Bishop Kemme describes in his video a nation that has lots its appreciation — and even understanding — of religious freedom.

“Many have taken religious freedom for granted; it’s just been a part of our American inheritance,” he says. “But, my friends, make no mistake. Religious freedom is under attack. There are no tanks in the streets and no one is being arrested for going to church, but religious freedom is in trouble.”

As an example, he points out the Little Sisters of the Poor who filed a lawsuit when faced with a Department of Health and Human Services mandate that would require them to cover contraception and other products contrary to their beliefs — or be fined.

He also addressed the issue of religious Americans who do not want to participate in same-sex wedding ceremonies and what he describes as a loss of the right to oppose a redefinition of marriage.

Archbishop Naumann described intolerance — with the possibility of being penalized — toward those who don’t conform to a different moral viewpoint.

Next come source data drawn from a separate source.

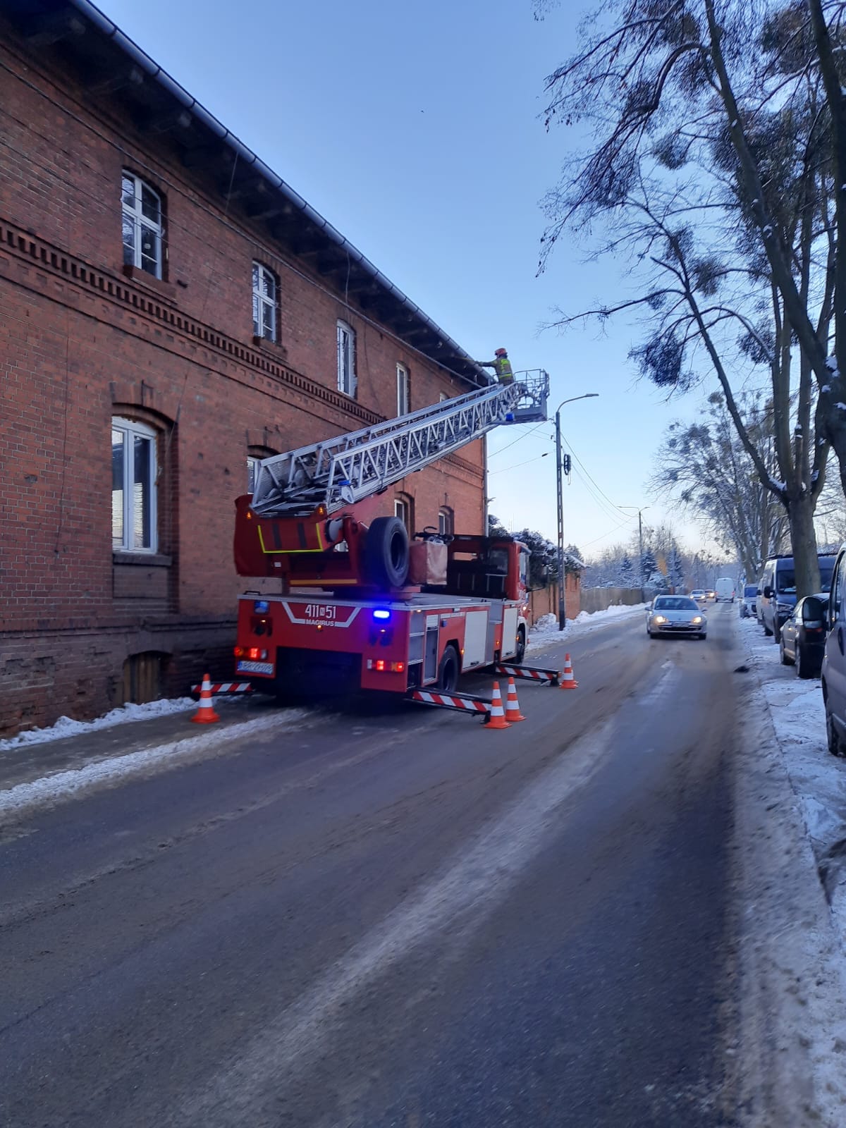 29 listopada br. strażacy z Państwowej i Wojskowej Straży Pożarnej interweniowali przy ulicy Moniuszki, gdzie usunięto wiszące sople lodowe.
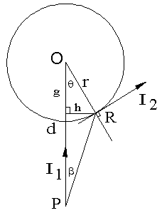 We next want to express the angle alpha in terms of theta and the distance "d" (the distance from the circle center "O" to I1 at P.) So, consider the following diagram.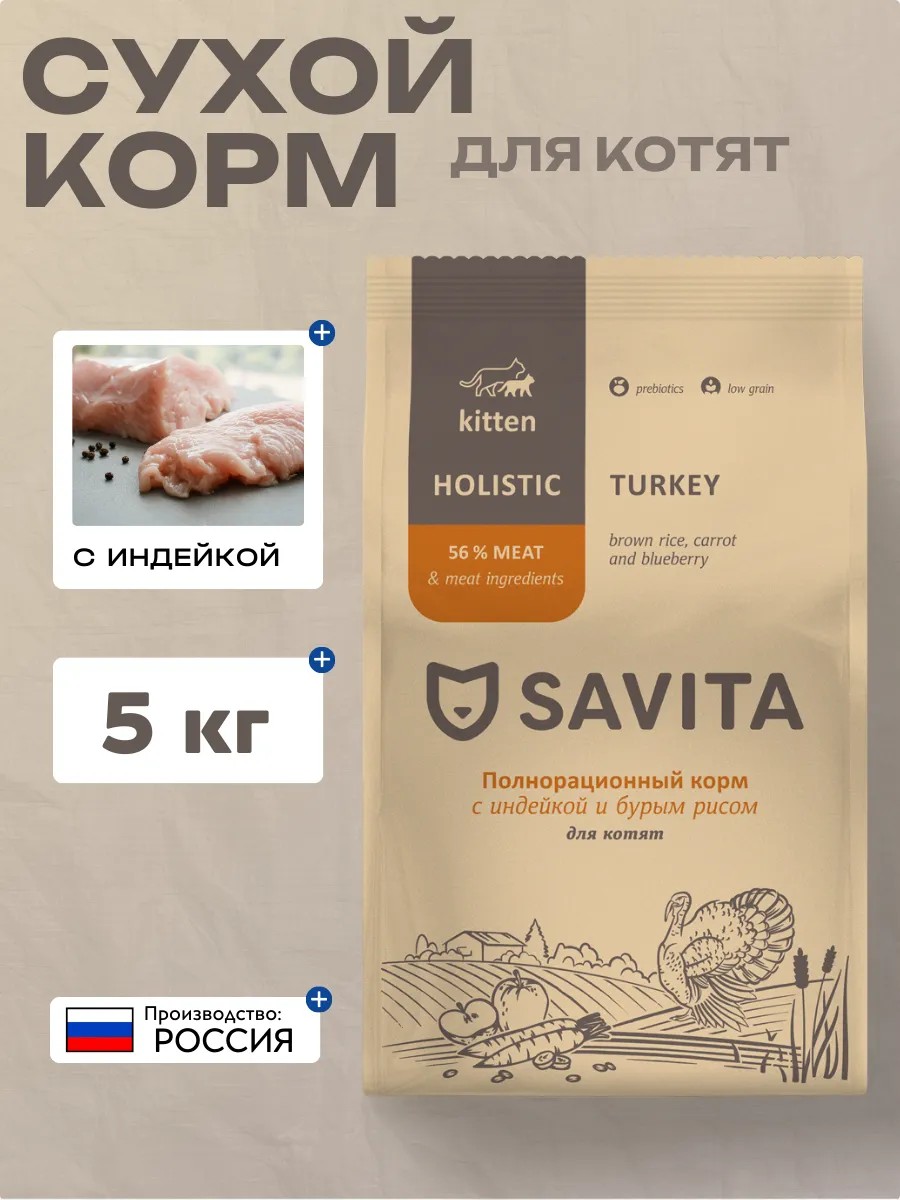 Features: Complete and balanced Savita holistic food for kittens contains a high percentage of meat and meat ingredients, as well as essential vitamins and minerals for a growing body. Ingredients: Meat: Turkey 34%, chickpeas, whole brown rice, poultry fat 12%, hydrolyzed turkey meat and liver 10%, potatoes, whole dried eggs, brewer's yeast (natural source of MOS), vitamin and mineral complex, beets, pea fiber, salmon oil (natural source of EPA and DHA), carrots, whey, flax seeds, chicory root (natural source of FOS and inulin), alfalfa, blueberries, psyllium, taurine, hemoglobin, rosemary and turmeric extract (complex of natural antioxidants), Yucca Schidigera, L-carnitine, glucosamine, chondroitin, antioxidant.

“What’s evolving now is that support for same-sex relations is becoming part of public school curriculum, so what children are being exposed to in public schools, there’s a social agenda that really is in conflict with Christian morality and Christian ethics,” he said. “And again, all of this is done in the name of being tolerant to people with same-sex attraction.”

He emphasized that the church wants to show every concern to people who have same-sex attraction, but said that’s not the same thing as endorsing behavior.

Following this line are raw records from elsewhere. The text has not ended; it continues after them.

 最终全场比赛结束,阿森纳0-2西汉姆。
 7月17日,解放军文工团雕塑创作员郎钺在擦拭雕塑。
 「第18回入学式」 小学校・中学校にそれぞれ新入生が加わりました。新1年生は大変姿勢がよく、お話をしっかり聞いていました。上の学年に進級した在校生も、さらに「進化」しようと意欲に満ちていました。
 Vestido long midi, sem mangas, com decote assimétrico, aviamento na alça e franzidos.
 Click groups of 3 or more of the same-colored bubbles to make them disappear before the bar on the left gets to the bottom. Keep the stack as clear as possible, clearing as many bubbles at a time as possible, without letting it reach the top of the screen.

He expressed concerns about a culture that is “confused about something even as fundamental as what constitutes marriage” when our society has historically supported marriage because of its role in raising children, thus forming new citizens.

“It was a natural thing to have the policies that were family friendly, marriage friendly,” he said.

Voter considerations

There is a lot going on in the world today, internationally and inside the United States, the archbishop said, and he believes social issues have a significant impact.

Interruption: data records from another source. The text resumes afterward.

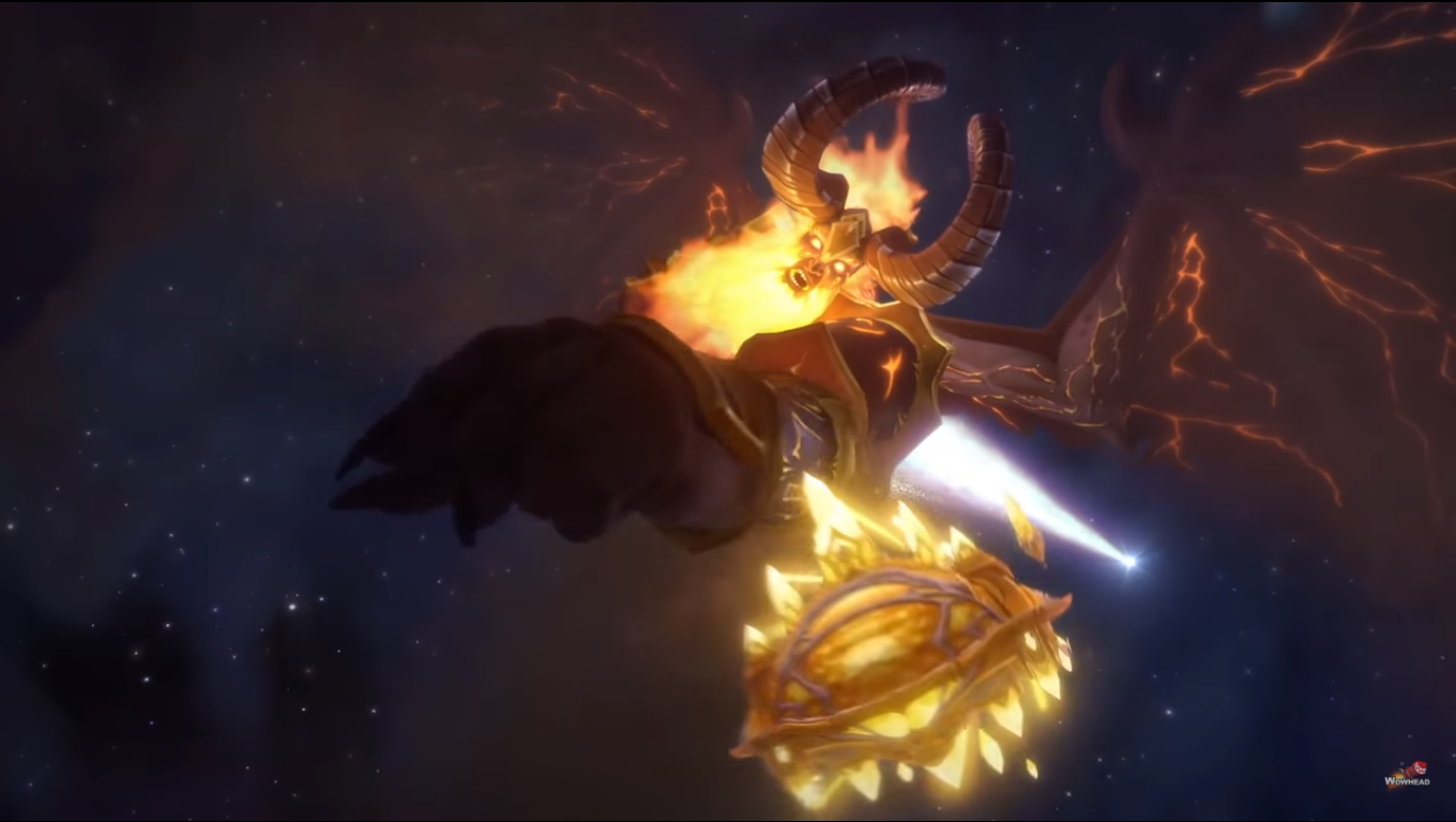 From the vessel the mortals watched as the dark titan, before being dragged to his prison, buried his sword into Azeroth's surface, with the Vindicaar only narrowly avoiding his desperate grasp on its flight. Afterwards, with the threat of the Burning Legion finally defeated, the mortals gathered on board to make closing remarks on the conflict.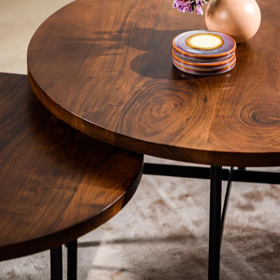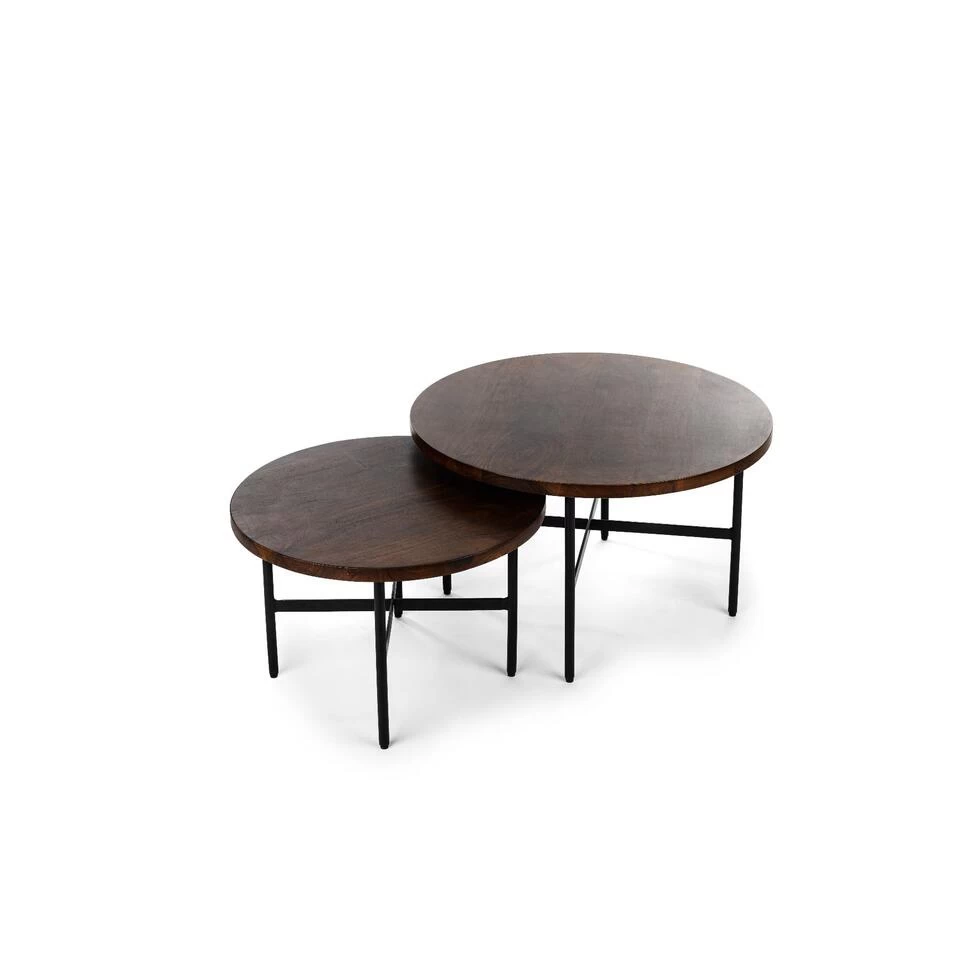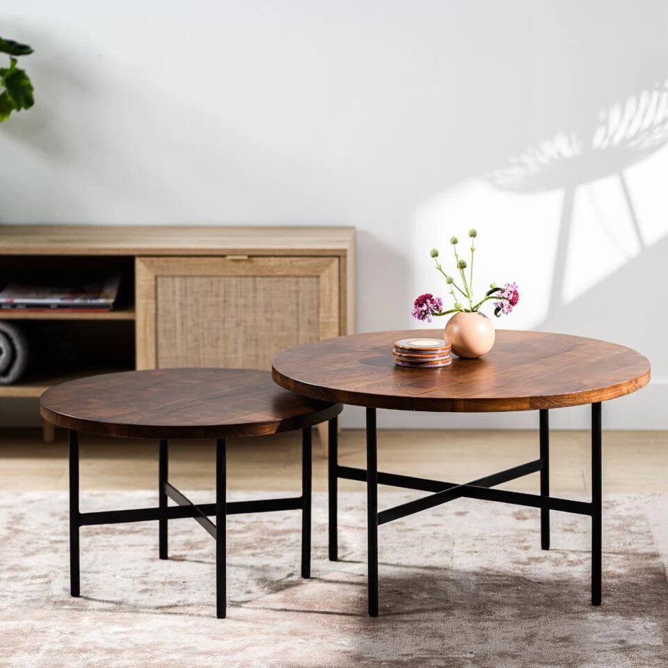 De Susanne salontafel rond kruis acaciahout bruin 75 cm bestaat uit twee ronde salontafels. Het blad is gemaakt van bruin acaciahout. De bladen zijn glad afgewerkt. De tafels verschillen in hoogte waardoor deze leuk (deels) onder elkaar kunnen worden geplaatst. Het onderstel bestaat uit vier rechte poten met kruis in zwart staal. Deze set past gemakkelijk binnen diverse woonstijlen. Gebruik de tafels naast elkaar als salontafelset of afzonderlijk van elkaar als twee losse bijzettafels. De afmetingen van de tafels van B75xD75xH44 cm en B60xD60xH39.
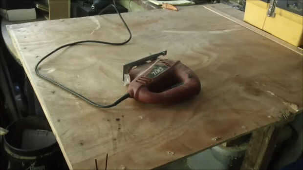 A continuación tendrá que desarmar el palet hasta tablas individuales. Esto no es tarea fácil, pero con un martillo, un tiempo y un montón de sudor, puede lograr que se haga. A continuación, debe quitar todos los clavos. Usted también necesitará una hoja de madera contrachapada para este proyecto. Pude encontrar una plataforma con una tapa de madera que resultó para ser perfecta (y gratis).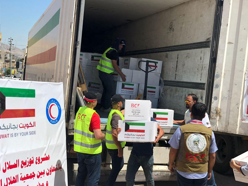وفي اليمن، وزعت جمعية الهلال الأحمر الكويتي 2418 سلة غذائية متكاملة على أسر نازحة ومتضررة في أربع محافظات يمنية، وأيضاً الجمعية الخيرية للتنمية والتطوير الكويتية 230 سلة غذائية على أسر نازحة بمحافظة مأرب ضمن حملة «الكويت بجانبكم».ويأتي ذلك بعدما قدمت الهيئة الخيرية الإسلامية العالمية 201 سلة غذائية لأسر فقيرة بمحافظة الجوف اليمنية فيما دعمت جمعية بلد الخير 119 أسرة نازحة في مأرب بسلال غذائية وزعت في الأسبوع الأول من شهر رمضان.وعلى صعيد متصل في اليمن أيضاً، وضع مسؤولون محليون، أمس الأول، حجر الأساس لمستشفى المرحوم عدنان العوجان الصحي الذي يستفيد منه 15 ألف شخص بمنطقة دمون في محافظة حضرموت شرقي اليمن بإشراف جمعية الشيخ عبدالله النوري الخيرية بالكويت.

Strong marriages build strong families. Without strong families, he believes the country will lack the strength to be a leader among nations, or even to solve domestic problems.

He also points out that in selecting leaders — presidents, governors and senators who will approve appointments — it’s important to note that these elected leaders are the people who will appoint judges.

Michael Schuttloffel, executive director of the Kansas Catholic Conference, hopes people will help spread these video messages by sharing them with one another and “liking” them on Facebook.

“We need good, believing, faithful Catholics involved in the process more than ever,” he said.

He hopes the messages will get people thinking about many of the issues in today’s world from a moral perspective.

“They’re a call to action,” he said. “They’re designed to get people thinking about some of the issues that are most important.”
Catholics face real challenges in today’s world, he said, and these issues — especially with religious freedom or conscience — will increasingly confront people.

“If you’re someone who is running your own small business, especially in the wedding industry, if you’re someone who works in health care, you’re going to be faced with these issues really soon,” he said. “There are going to be some real challenges.”